◆ **Task**
Please output exactly the lines below, starting at the line that has "This unicorn pillow" and ending at the line that has "삼각바위(테크라포트) 방파제 위에서", both included; leave out all pictures and include nothing else.

◆ **Data to examine**
------------------------------------

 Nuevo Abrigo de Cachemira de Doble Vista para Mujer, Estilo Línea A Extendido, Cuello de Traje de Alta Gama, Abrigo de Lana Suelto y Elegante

------------------------------------

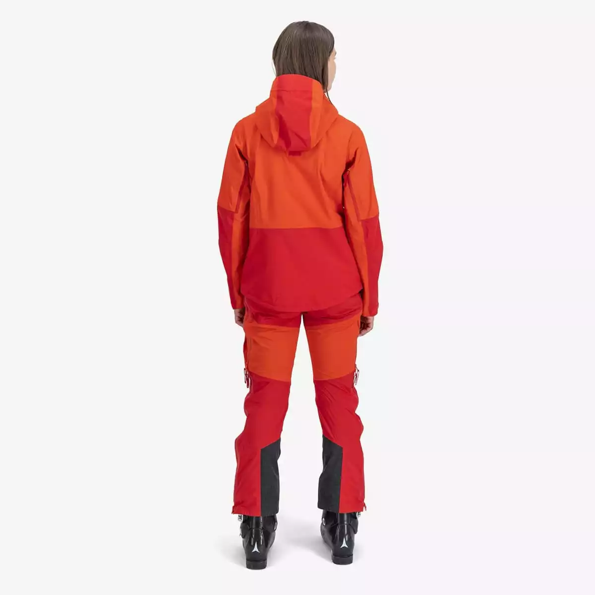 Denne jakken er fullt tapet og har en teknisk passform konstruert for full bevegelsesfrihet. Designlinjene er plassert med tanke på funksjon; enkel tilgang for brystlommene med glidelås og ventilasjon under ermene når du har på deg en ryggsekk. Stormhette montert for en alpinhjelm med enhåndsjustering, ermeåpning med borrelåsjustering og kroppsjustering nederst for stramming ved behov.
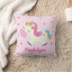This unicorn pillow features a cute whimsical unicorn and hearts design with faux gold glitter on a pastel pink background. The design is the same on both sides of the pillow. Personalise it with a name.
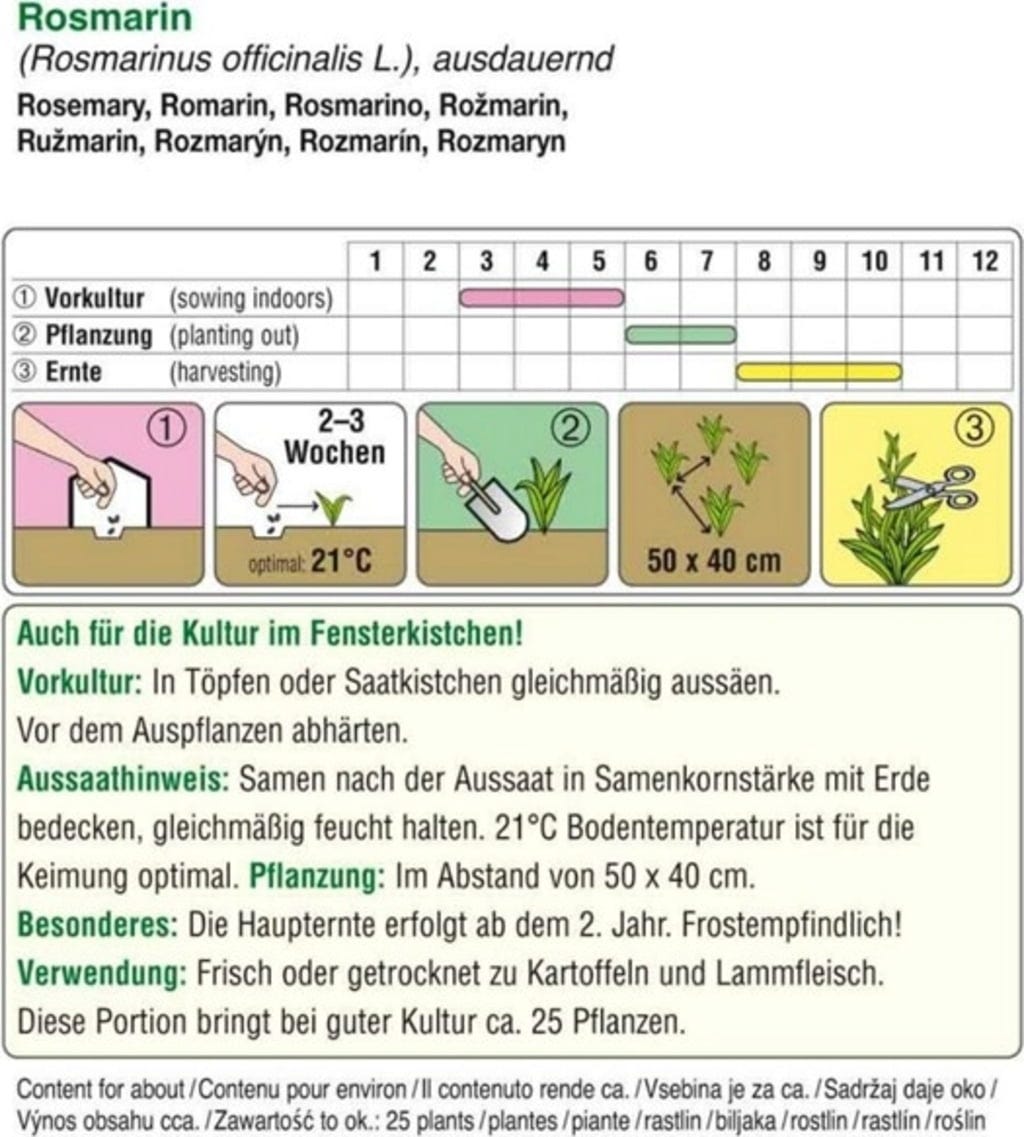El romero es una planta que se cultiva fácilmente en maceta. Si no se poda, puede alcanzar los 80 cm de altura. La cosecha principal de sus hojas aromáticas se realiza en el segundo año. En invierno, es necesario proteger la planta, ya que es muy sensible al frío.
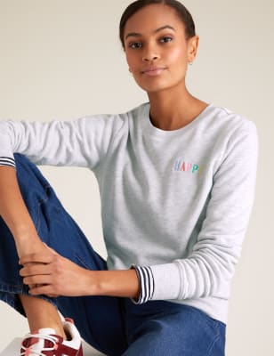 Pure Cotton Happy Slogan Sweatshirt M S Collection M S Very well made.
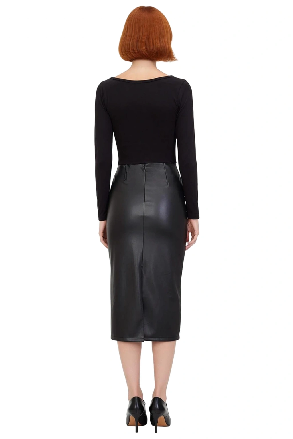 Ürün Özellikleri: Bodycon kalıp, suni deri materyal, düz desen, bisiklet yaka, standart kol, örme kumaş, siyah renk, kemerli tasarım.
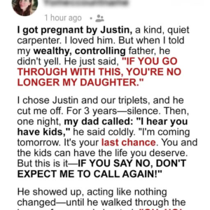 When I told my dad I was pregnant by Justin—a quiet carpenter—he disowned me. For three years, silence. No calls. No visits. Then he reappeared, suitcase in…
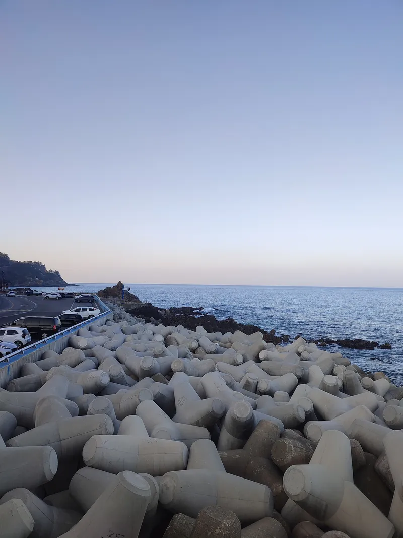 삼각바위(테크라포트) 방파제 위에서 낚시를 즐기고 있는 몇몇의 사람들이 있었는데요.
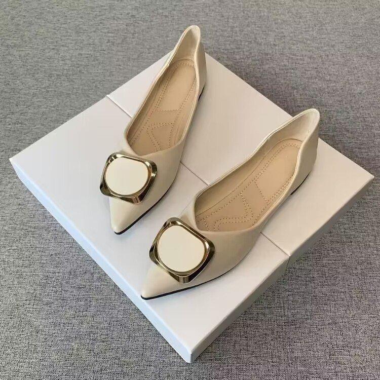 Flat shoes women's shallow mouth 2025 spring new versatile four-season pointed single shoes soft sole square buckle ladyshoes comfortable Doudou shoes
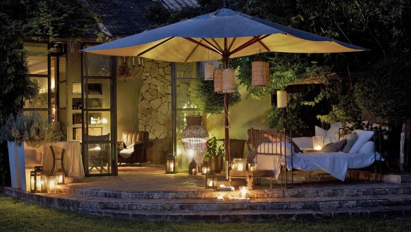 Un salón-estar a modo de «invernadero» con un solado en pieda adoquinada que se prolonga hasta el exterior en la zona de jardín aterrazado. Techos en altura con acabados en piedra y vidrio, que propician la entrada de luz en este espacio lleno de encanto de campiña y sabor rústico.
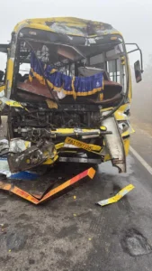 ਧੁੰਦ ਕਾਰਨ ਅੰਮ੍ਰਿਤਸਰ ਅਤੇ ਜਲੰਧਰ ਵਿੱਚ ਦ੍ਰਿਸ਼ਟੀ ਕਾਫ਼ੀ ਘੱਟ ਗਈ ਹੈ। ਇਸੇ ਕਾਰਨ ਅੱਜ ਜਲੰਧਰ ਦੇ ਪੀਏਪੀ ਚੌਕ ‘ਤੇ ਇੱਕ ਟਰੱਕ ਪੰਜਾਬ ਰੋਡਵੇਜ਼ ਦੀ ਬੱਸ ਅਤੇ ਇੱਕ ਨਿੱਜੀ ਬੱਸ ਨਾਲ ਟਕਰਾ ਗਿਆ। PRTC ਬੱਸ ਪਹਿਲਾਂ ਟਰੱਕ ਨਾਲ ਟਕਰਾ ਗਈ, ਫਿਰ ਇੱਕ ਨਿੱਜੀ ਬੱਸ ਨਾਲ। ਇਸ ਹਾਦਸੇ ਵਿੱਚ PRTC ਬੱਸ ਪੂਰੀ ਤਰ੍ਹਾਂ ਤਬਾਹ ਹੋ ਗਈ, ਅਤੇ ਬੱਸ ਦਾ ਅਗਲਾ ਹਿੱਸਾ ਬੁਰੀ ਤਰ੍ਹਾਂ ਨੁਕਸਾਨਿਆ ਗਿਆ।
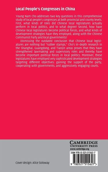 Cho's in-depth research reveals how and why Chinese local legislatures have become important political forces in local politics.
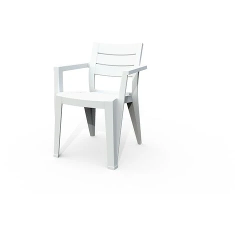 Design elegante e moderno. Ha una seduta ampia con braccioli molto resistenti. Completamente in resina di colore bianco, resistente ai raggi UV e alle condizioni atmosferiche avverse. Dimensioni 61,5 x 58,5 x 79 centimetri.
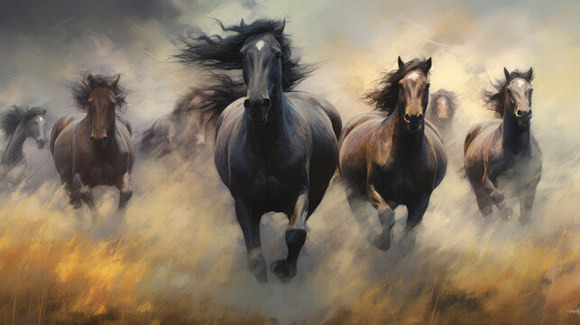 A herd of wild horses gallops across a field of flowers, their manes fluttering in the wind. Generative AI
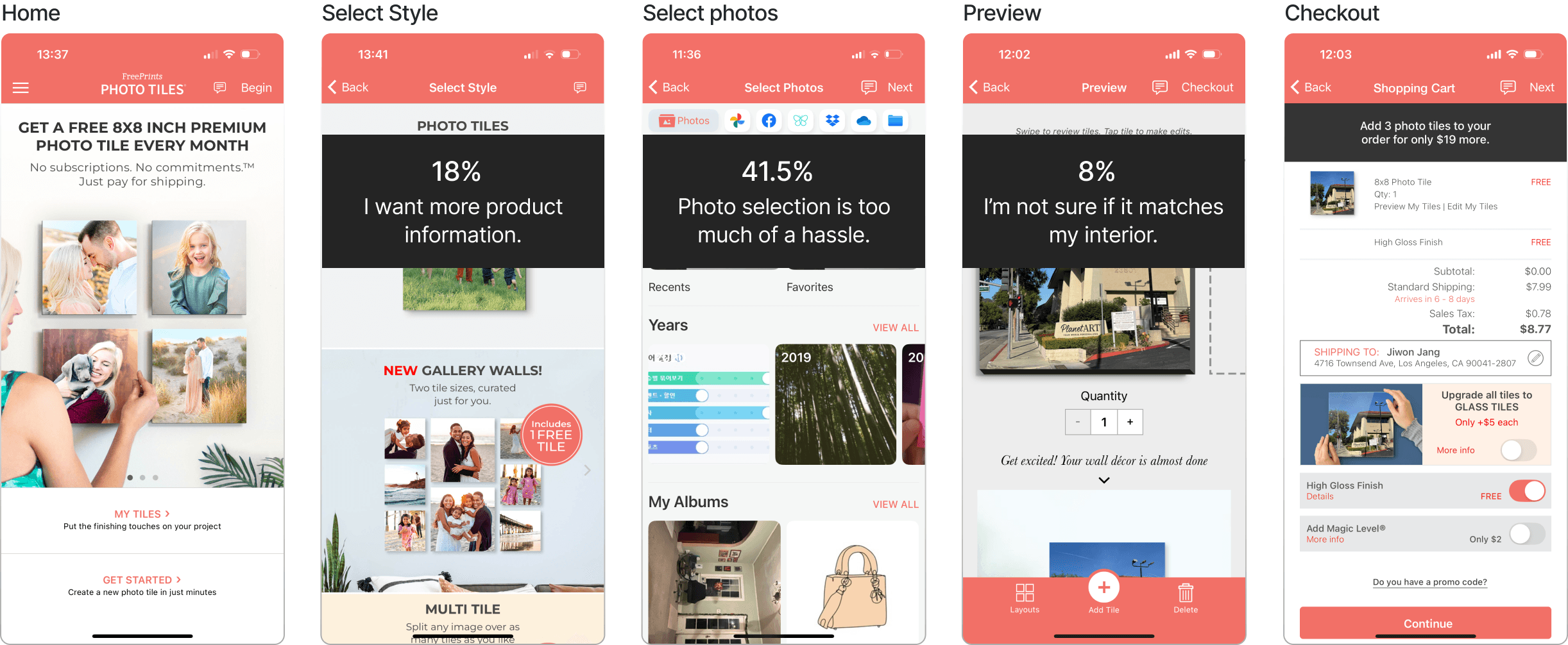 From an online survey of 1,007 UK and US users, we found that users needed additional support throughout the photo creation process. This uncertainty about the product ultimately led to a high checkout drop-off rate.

------------------------------------

◆ **Reply to the task**
This unicorn pillow features a cute whimsical unicorn and hearts design with faux gold glitter on a pastel pink background. The design is the same on both sides of the pillow. Personalise it with a name.
El romero es una planta que se cultiva fácilmente en maceta. Si no se poda, puede alcanzar los 80 cm de altura. La cosecha principal de sus hojas aromáticas se realiza en el segundo año. En invierno, es necesario proteger la planta, ya que es muy sensible al frío.
 Pure Cotton Happy Slogan Sweatshirt M S Collection M S Very well made.
 Ürün Özellikleri: Bodycon kalıp, suni deri materyal, düz desen, bisiklet yaka, standart kol, örme kumaş, siyah renk, kemerli tasarım.
 When I told my dad I was pregnant by Justin—a quiet carpenter—he disowned me. For three years, silence. No calls. No visits. Then he reappeared, suitcase in…
 삼각바위(테크라포트) 방파제 위에서 낚시를 즐기고 있는 몇몇의 사람들이 있었는데요.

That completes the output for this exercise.